Material provided ::
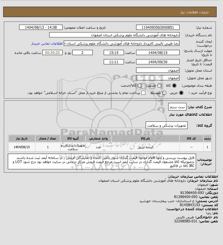 | 1 | -- | کیسه تزریق | عدد | تجهیزات پزشکی و سلامت | 1 | 1404/08/15 |
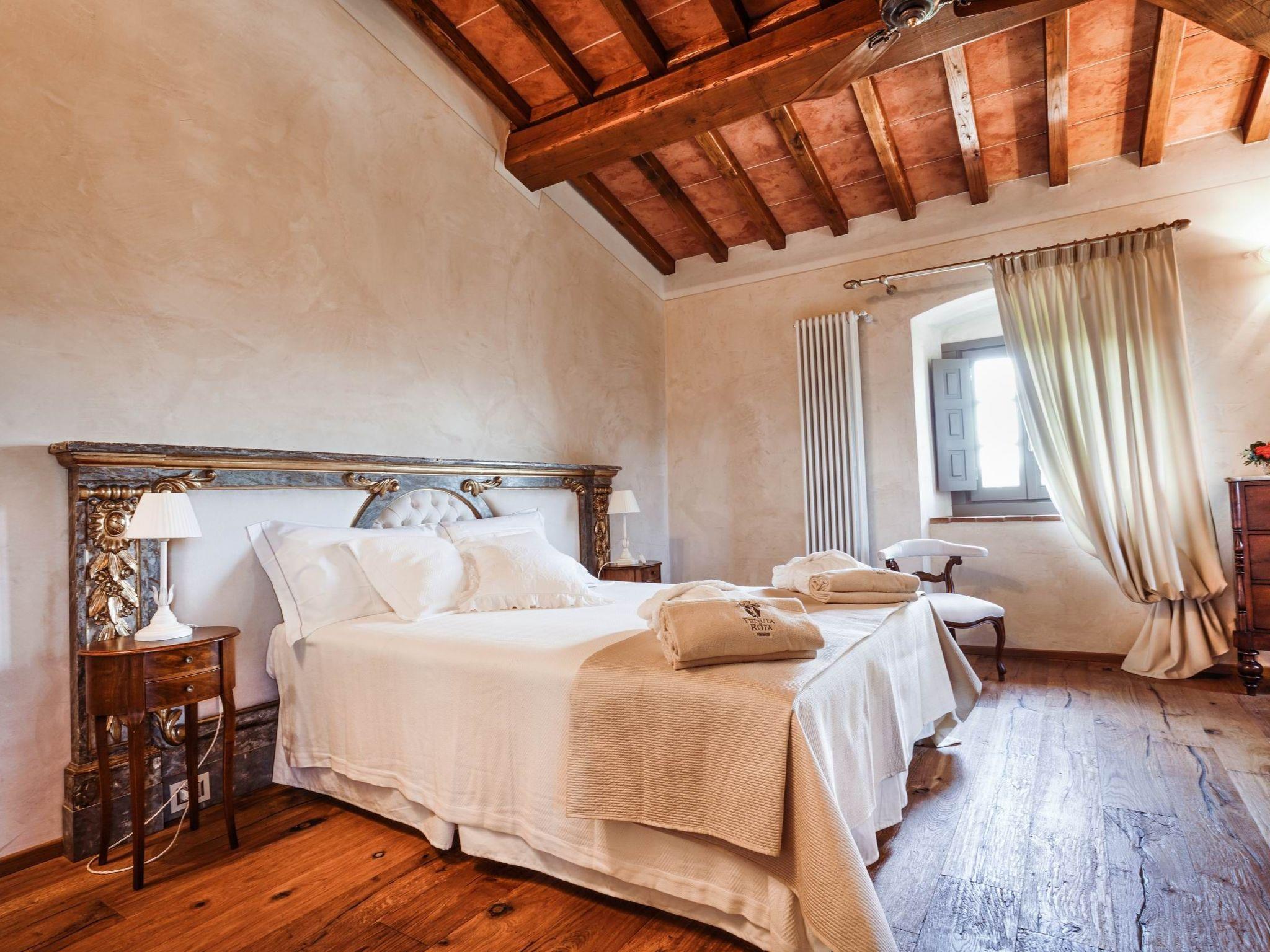 The rooms, all with views of the Tuscan countryside, are equipped with Wi-Fi, safe, minibar, satellite TV and air conditioning.
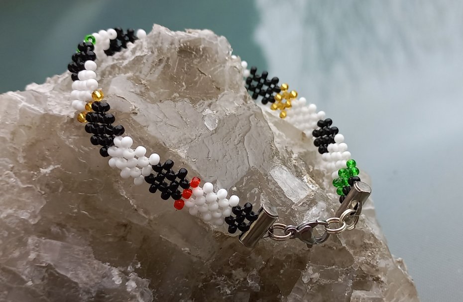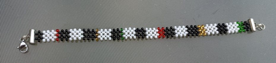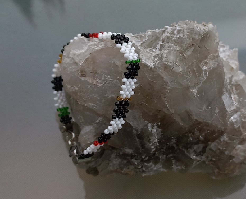 • Zostałam wprowadzona w tę technikę bezpośrednio przez Masajów w Tanzanii. Nie jest to imitacja, ale splot wywodzący się z oryginalnej, koralikowej sztuki tego plemienia.
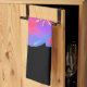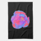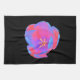 This awesome kitchen towel features a beautiful photograph of a tulip. The photograph has been artificially coloured resulting in a fluorescent tulip. The outer petals are coloured with shades of blue and red, while the inner petals show shades of pink and purple. The very centre of the flower is bright yellow. The simple black background shows off the stunning beauty of this flower.

Work order :: In your copy of the data above, leave out the pictures and repeat everything else exactly.

Expected answer ::
 | 1 | -- | کیسه تزریق | عدد | تجهیزات پزشکی و سلامت | 1 | 1404/08/15 |
 The rooms, all with views of the Tuscan countryside, are equipped with Wi-Fi, safe, minibar, satellite TV and air conditioning.
 • Zostałam wprowadzona w tę technikę bezpośrednio przez Masajów w Tanzanii. Nie jest to imitacja, ale splot wywodzący się z oryginalnej, koralikowej sztuki tego plemienia.
 This awesome kitchen towel features a beautiful photograph of a tulip. The photograph has been artificially coloured resulting in a fluorescent tulip. The outer petals are coloured with shades of blue and red, while the inner petals show shades of pink and purple. The very centre of the flower is bright yellow. The simple black background shows off the stunning beauty of this flower.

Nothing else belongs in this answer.